GIVEN DATA >>
####################
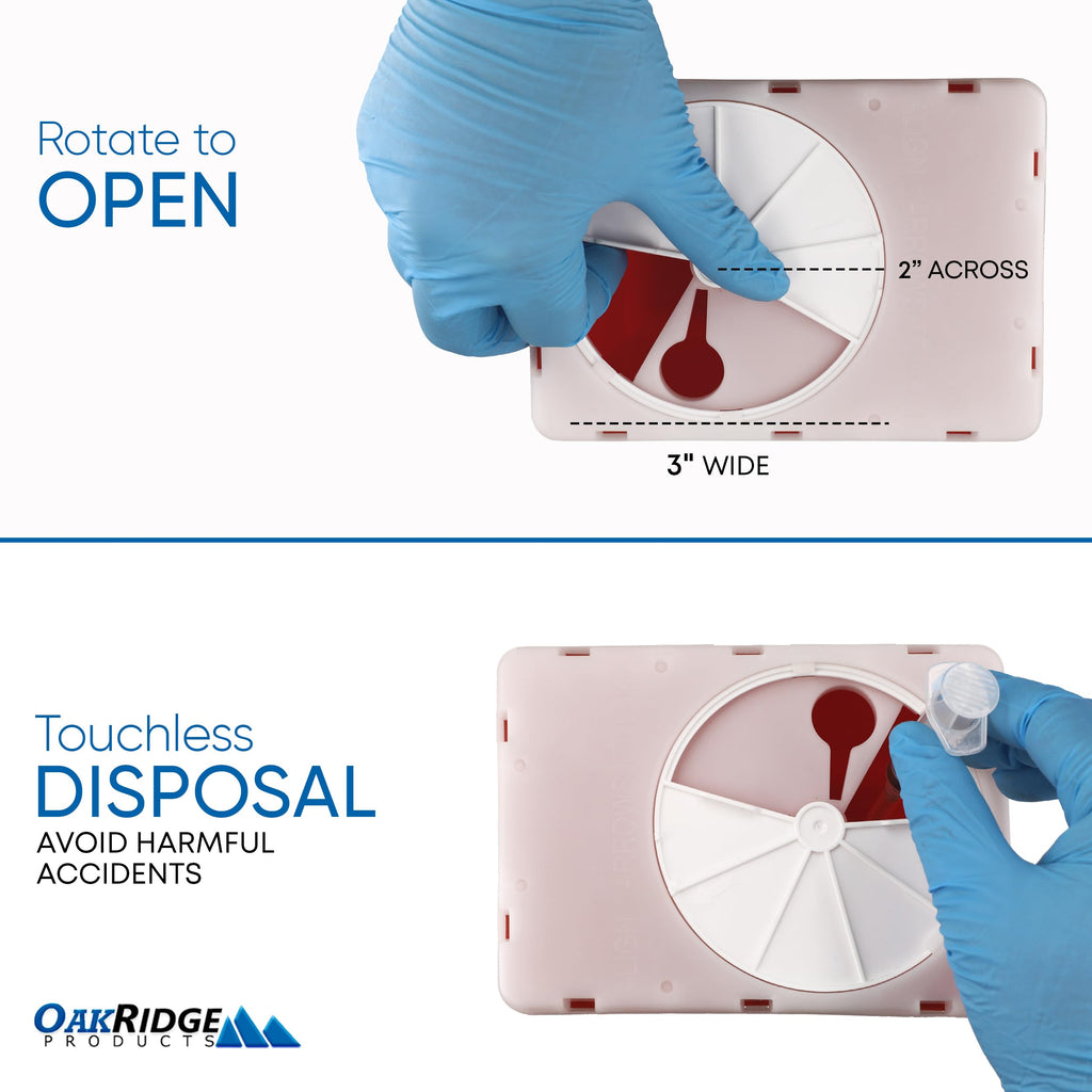 OakRidge Products 2.2 quart sharps container with rotary lid. Puncture-resistant, transparent body allows for easy viewing. Designed for use as a transportable container with rotating lid to allow for safe disposal of larger sharps - includes needle unwinder. Horizontal drop maximizes usable container volume for larger sharps. Locks for final disposal.
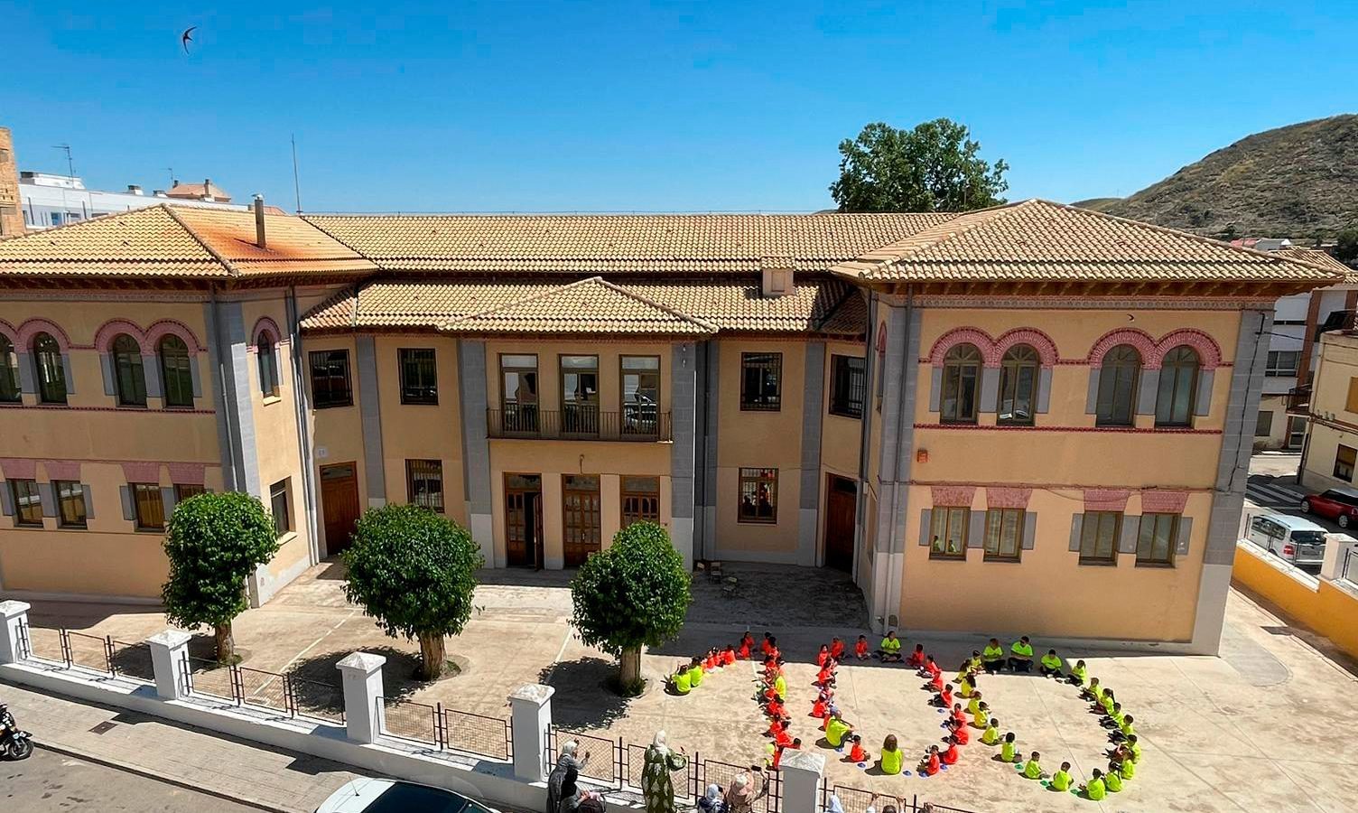 Como broche final, los patios de Infantil y Primaria se han convertido en un escenario colectivo para una coreografía simbólica: los alumnos, coordinados, han formado las cifras 100 y 90, en un gesto visual cargado de emoción y orgullo.
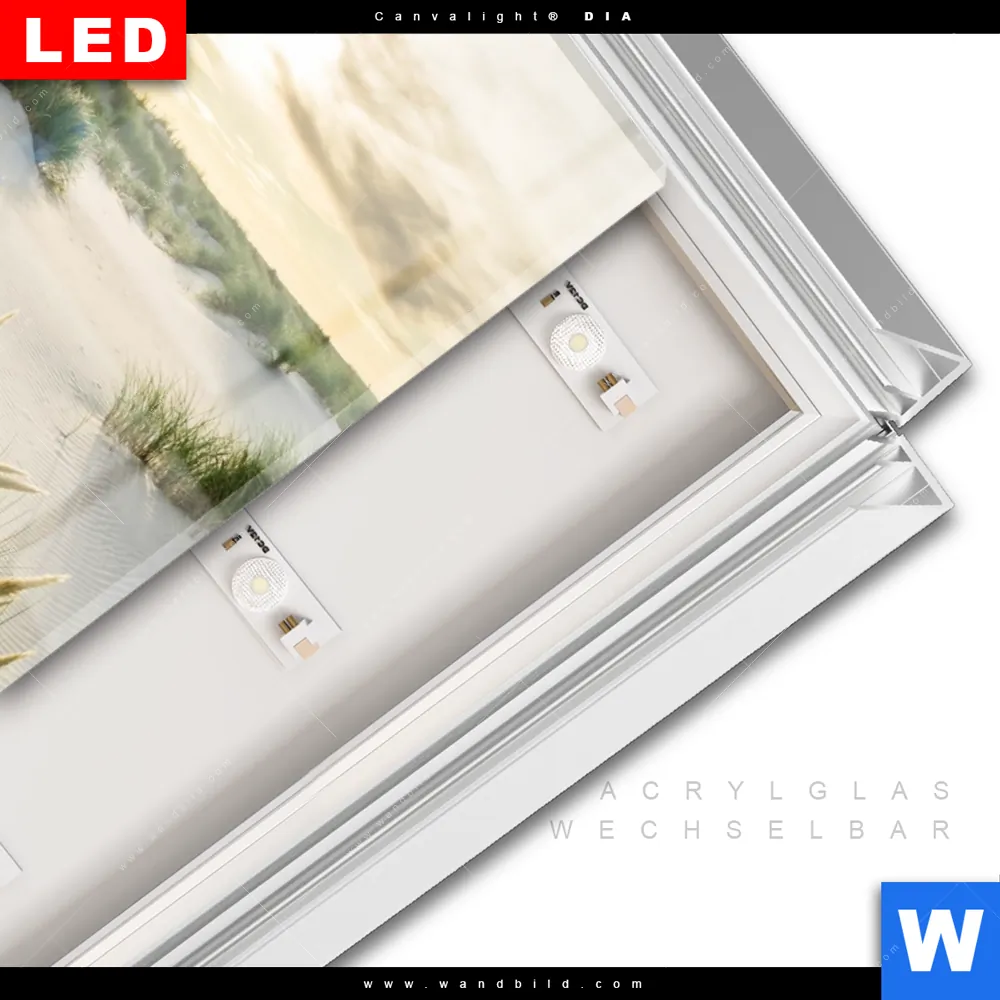LED-Glasbild mit austauschbarem Acrylglas-Druck (Wechselbild)
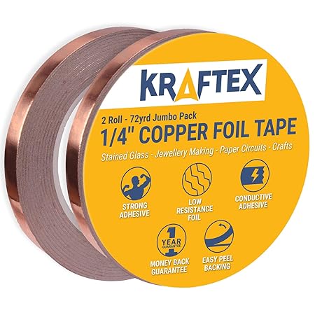 VON GITARRISTEN FU?R GITARRISTEN – Keine Interferenzen mehr durch schlechte Abschirmfarbe. Stattdessen ko?nnen Sie dank unserem Kupferband einen perfekten Faraday’schen Ka?fig bauen, um das Beste aus Ihrer Gitarre herauszuholen. Es ist die perfekte Lo?sung, um den Hohlraum und den Pickguard Ihrer Gitarre einfach und zuverla?ssig auszufu?llen und gegen EMI, EMF und RFI abzuschirmen. Falls Sie Hilfe dabei beno?tigen, folgen Sie den Anweisungen in der ausfu?hrlichen Produktbeschreibung. DAS GEHEIMNIS HINTER PERFEKT KLINGENDEN GITARREN – Sie haben richtig gelesen! Kupferband spielt eine zentrale Rolle bei der Reduzierung la?stiger elektrischer Sto?rungen und der Perfektionierung Ihres Klangbildes. Es ist eine viel bessere Lo?sung als ein Graphit- oder Aluminiumband. Unabha?ngig davon, ob Sie Anfa?nger oder Profi sind, das Kraftex Kupferband, das auf Ihrer Gitarre angebracht wird, kann den Klang Ihrer Gitarre im Handumdrehen verbessern. ZUVERLA?SSIGES EMI / RFI ABSCHIRMBAND – Schu?tzen Sie Ihre Gera?te einfach und bequem vor elektromagnetischen und hochfrequenten Sto?rungen. Von summenden Gitarren bis hin zu Computerkabeln bietet das Kraftex Kupferband eine schnelle und zuverla?ssige Lo?sung. Das Klebemittel ist stark, flexibel und hat eine hervorragende Leitfa?higkeit, sodass Ihre Elektrogera?te optimal geschu?tzt werden. ERWECKEN SIE IHRE KREATIVEN IDEEN ZUM LEBEN – Bringen Sie neue Farben und Formen in eines Ihrer Bastelprojekte. Dank dem starken Klebstoff la?sst sich das Band hervorragend verformen und anpassen und haftet auf fast jeder Oberfla?che und dank der stylischen Kupferfarbe ko?nnen Sie mit diesem vielseitigen Klebeband Ihrer Fantasie freien Lauf lassen. 100% ZUFRIEDENHEITSGARANTIE – Die hochwertige Kupferfolie, die gewachste Papierunterseite und der besonders widerstandsarme Klebstoff machen unser Klebeband zum Besten auf dem Markt, daher sind wir uns sicher, dass Sie unser Band lieben werden. Sollten Sie dennoch nicht zu 100% zufrieden sein, werden wir Ihnen den Kaufpreis vollsta?ndig zuru?ckerstatten. Legen Sie jetzt unser Kupfer Klebeband in Premiumqualita?t in Ihren Einkaufswagen, Sie werden von der Qualita?t begeistert sein!
####################
Everything in the data above gets copied exactly. Only the pictures are skipped.

 OakRidge Products 2.2 quart sharps container with rotary lid. Puncture-resistant, transparent body allows for easy viewing. Designed for use as a transportable container with rotating lid to allow for safe disposal of larger sharps - includes needle unwinder. Horizontal drop maximizes usable container volume for larger sharps. Locks for final disposal.
 Como broche final, los patios de Infantil y Primaria se han convertido en un escenario colectivo para una coreografía simbólica: los alumnos, coordinados, han formado las cifras 100 y 90, en un gesto visual cargado de emoción y orgullo.
LED-Glasbild mit austauschbarem Acrylglas-Druck (Wechselbild)
 VON GITARRISTEN FU?R GITARRISTEN – Keine Interferenzen mehr durch schlechte Abschirmfarbe. Stattdessen ko?nnen Sie dank unserem Kupferband einen perfekten Faraday’schen Ka?fig bauen, um das Beste aus Ihrer Gitarre herauszuholen. Es ist die perfekte Lo?sung, um den Hohlraum und den Pickguard Ihrer Gitarre einfach und zuverla?ssig auszufu?llen und gegen EMI, EMF und RFI abzuschirmen. Falls Sie Hilfe dabei beno?tigen, folgen Sie den Anweisungen in der ausfu?hrlichen Produktbeschreibung. DAS GEHEIMNIS HINTER PERFEKT KLINGENDEN GITARREN – Sie haben richtig gelesen! Kupferband spielt eine zentrale Rolle bei der Reduzierung la?stiger elektrischer Sto?rungen und der Perfektionierung Ihres Klangbildes. Es ist eine viel bessere Lo?sung als ein Graphit- oder Aluminiumband. Unabha?ngig davon, ob Sie Anfa?nger oder Profi sind, das Kraftex Kupferband, das auf Ihrer Gitarre angebracht wird, kann den Klang Ihrer Gitarre im Handumdrehen verbessern. ZUVERLA?SSIGES EMI / RFI ABSCHIRMBAND – Schu?tzen Sie Ihre Gera?te einfach und bequem vor elektromagnetischen und hochfrequenten Sto?rungen. Von summenden Gitarren bis hin zu Computerkabeln bietet das Kraftex Kupferband eine schnelle und zuverla?ssige Lo?sung. Das Klebemittel ist stark, flexibel und hat eine hervorragende Leitfa?higkeit, sodass Ihre Elektrogera?te optimal geschu?tzt werden. ERWECKEN SIE IHRE KREATIVEN IDEEN ZUM LEBEN – Bringen Sie neue Farben und Formen in eines Ihrer Bastelprojekte. Dank dem starken Klebstoff la?sst sich das Band hervorragend verformen und anpassen und haftet auf fast jeder Oberfla?che und dank der stylischen Kupferfarbe ko?nnen Sie mit diesem vielseitigen Klebeband Ihrer Fantasie freien Lauf lassen. 100% ZUFRIEDENHEITSGARANTIE – Die hochwertige Kupferfolie, die gewachste Papierunterseite und der besonders widerstandsarme Klebstoff machen unser Klebeband zum Besten auf dem Markt, daher sind wir uns sicher, dass Sie unser Band lieben werden. Sollten Sie dennoch nicht zu 100% zufrieden sein, werden wir Ihnen den Kaufpreis vollsta?ndig zuru?ckerstatten. Legen Sie jetzt unser Kupfer Klebeband in Premiumqualita?t in Ihren Einkaufswagen, Sie werden von der Qualita?t begeistert sein!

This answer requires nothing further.